Task requirements:
Below are the records to transcribe exactly; do not include any images.

Working data:
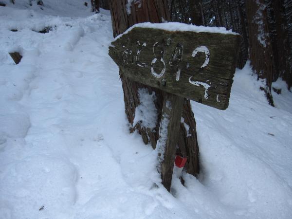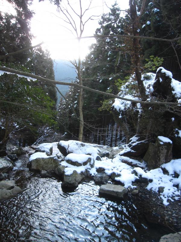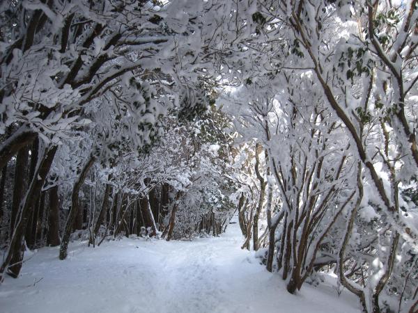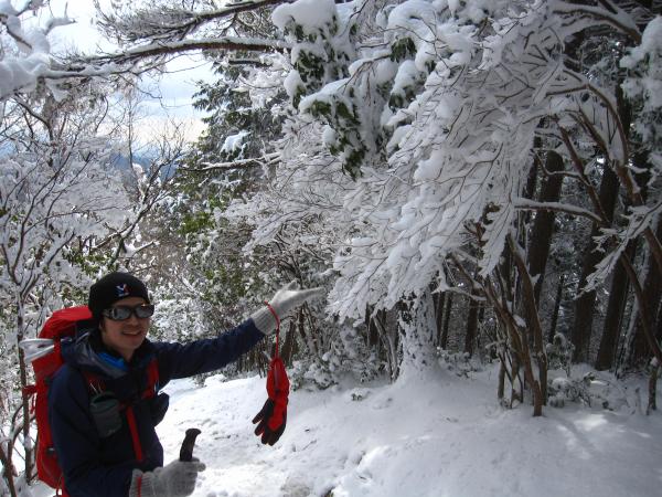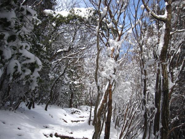 先月行ったスタッフは、登山入口には全く雪がなかったと言っていましたが、数日の冷え込みで、登山口から雪がみえていました。
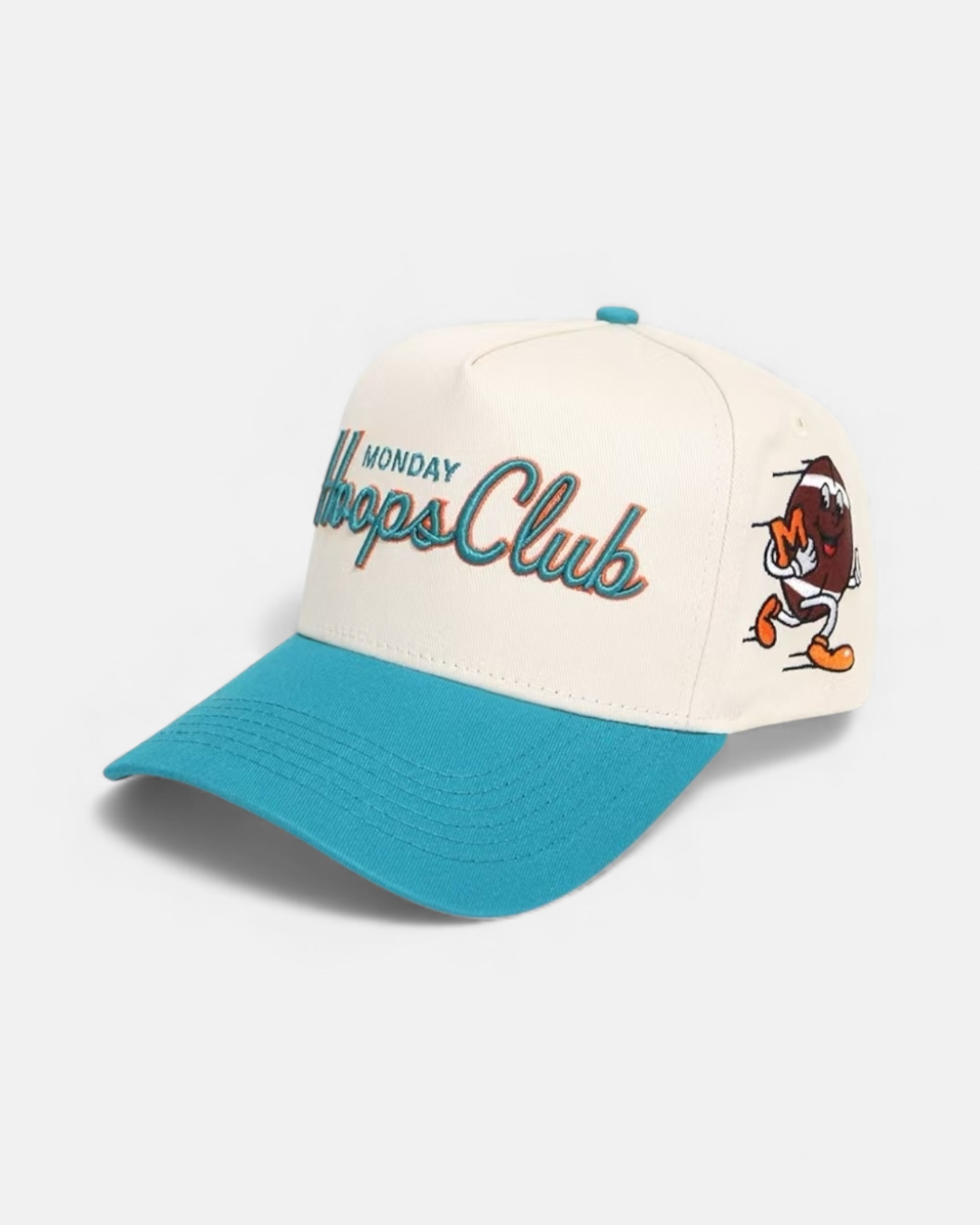 The Sideline collection channels the electric atmosphere of 90's football culture. The Heatwave edition features our Monday Hoops Club script in vibrant aqua and orange – a bold colourway that captures the intensity of championship Sunday.
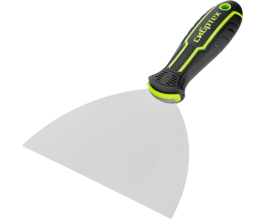 Шпательная лопатка Сибртех 85630 с полотном шириной 150 мм, изготовленным из нержавеющей стали, применяется для работы со строительными растворами: смешивания, нанесения и разравнивания шпатлевок, штукатурок, клеевых составов, затирок. Подходит для заделки трещин, устранения неровностей. Инструмент будет полезен при проведении строительных, ремонтных и отделочных работ. Преимущества Долговечность — полотно из нержавеющей стали обладает необходимой прочностью и устойчиво к коррозии. Деформационная стойкость — можно работать длительное время с высокими нагрузками без риска поломки инструмента. Эргономичность — двухкомпонентную рукоятку с рельефной поверхностью удобно держать в руке. Удобное хранение — в рукоятке предусмотрено отверстие для подвешивания на крючок.
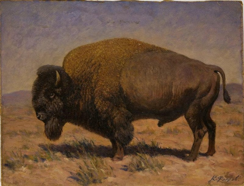 На листе горизонтального формата крупно боком головой влево изображен бизон на фоне прерии.
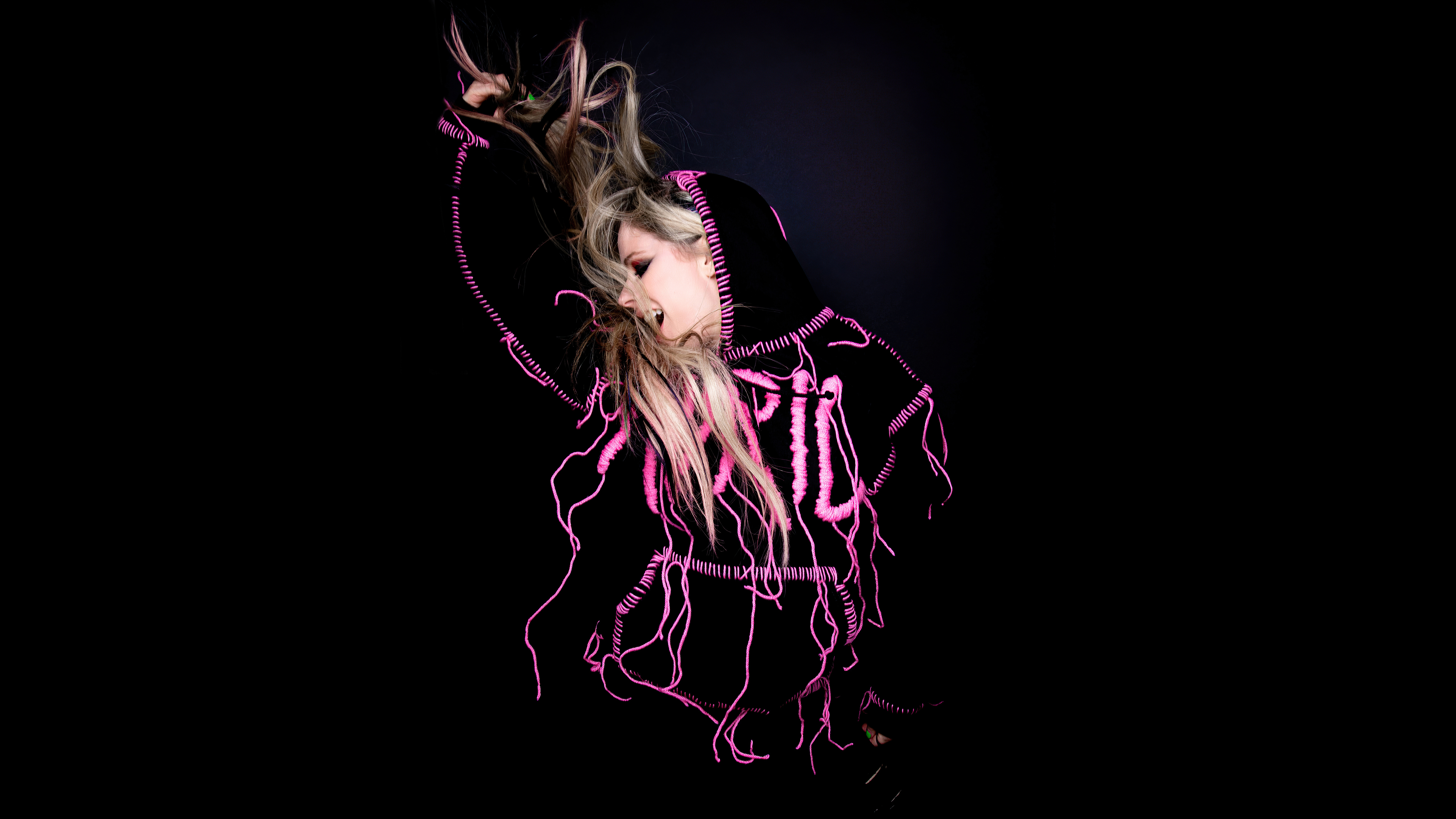Певица Аврил Лавин на черном фоне - 5120x2880

Solution to this exercise:
 先月行ったスタッフは、登山入口には全く雪がなかったと言っていましたが、数日の冷え込みで、登山口から雪がみえていました。
 The Sideline collection channels the electric atmosphere of 90's football culture. The Heatwave edition features our Monday Hoops Club script in vibrant aqua and orange – a bold colourway that captures the intensity of championship Sunday.
 Шпательная лопатка Сибртех 85630 с полотном шириной 150 мм, изготовленным из нержавеющей стали, применяется для работы со строительными растворами: смешивания, нанесения и разравнивания шпатлевок, штукатурок, клеевых составов, затирок. Подходит для заделки трещин, устранения неровностей. Инструмент будет полезен при проведении строительных, ремонтных и отделочных работ. Преимущества Долговечность — полотно из нержавеющей стали обладает необходимой прочностью и устойчиво к коррозии. Деформационная стойкость — можно работать длительное время с высокими нагрузками без риска поломки инструмента. Эргономичность — двухкомпонентную рукоятку с рельефной поверхностью удобно держать в руке. Удобное хранение — в рукоятке предусмотрено отверстие для подвешивания на крючок.
 На листе горизонтального формата крупно боком головой влево изображен бизон на фоне прерии.
Певица Аврил Лавин на черном фоне - 5120x2880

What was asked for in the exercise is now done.